Top of Supplied material

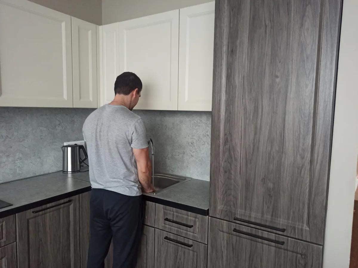 В доме № 14 на улице Вокзальной собственница расширила квартиру за счет стены между комнатой и коридором — ее частично убрали. Кладовку присоединили к кухне.
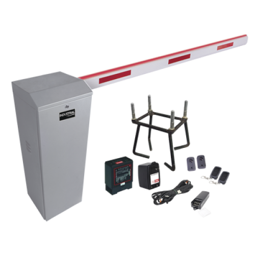 Kit COMPLETO Barrera Derecha XB / Brazo de 5 Metros con Iluminacion LED Rojo-Verde / Incluye Sensor de masa, Transformador, Lazo, Ancla, Fotoceldas 2 Controles Inalámbricos
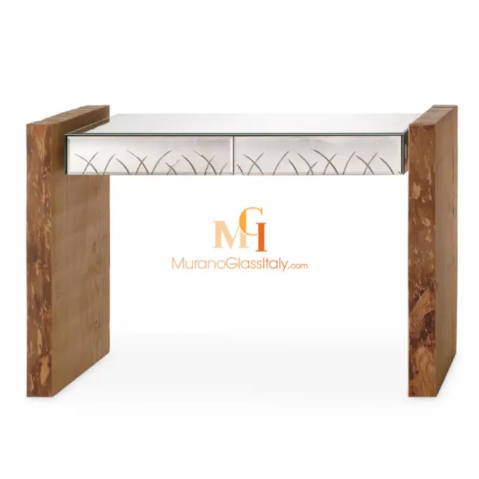 كونسول خشب طبيعي من البلوط والزجاج مع درجين، مصنوعة من مرآة معتقة وتتميز بنقوش يدوية لامعة. الهيكل والجوانب مصنوعة من البلوط الصلب، مما يضيف لها الصلابة والجمال. تلك الطاولة تجمع بين تصميم عصري وتفاصيل فنية تعكس الحرفية العالية في الصناعة.

Bottom of Supplied material

Work order: Everything from the opening line of the data through the line with "Kit COMPLETO Barrera" should be repeated exactly; leave the pictures out.

Result for this exercise:
 В доме № 14 на улице Вокзальной собственница расширила квартиру за счет стены между комнатой и коридором — ее частично убрали. Кладовку присоединили к кухне.
 Kit COMPLETO Barrera Derecha XB / Brazo de 5 Metros con Iluminacion LED Rojo-Verde / Incluye Sensor de masa, Transformador, Lazo, Ancla, Fotoceldas 2 Controles Inalámbricos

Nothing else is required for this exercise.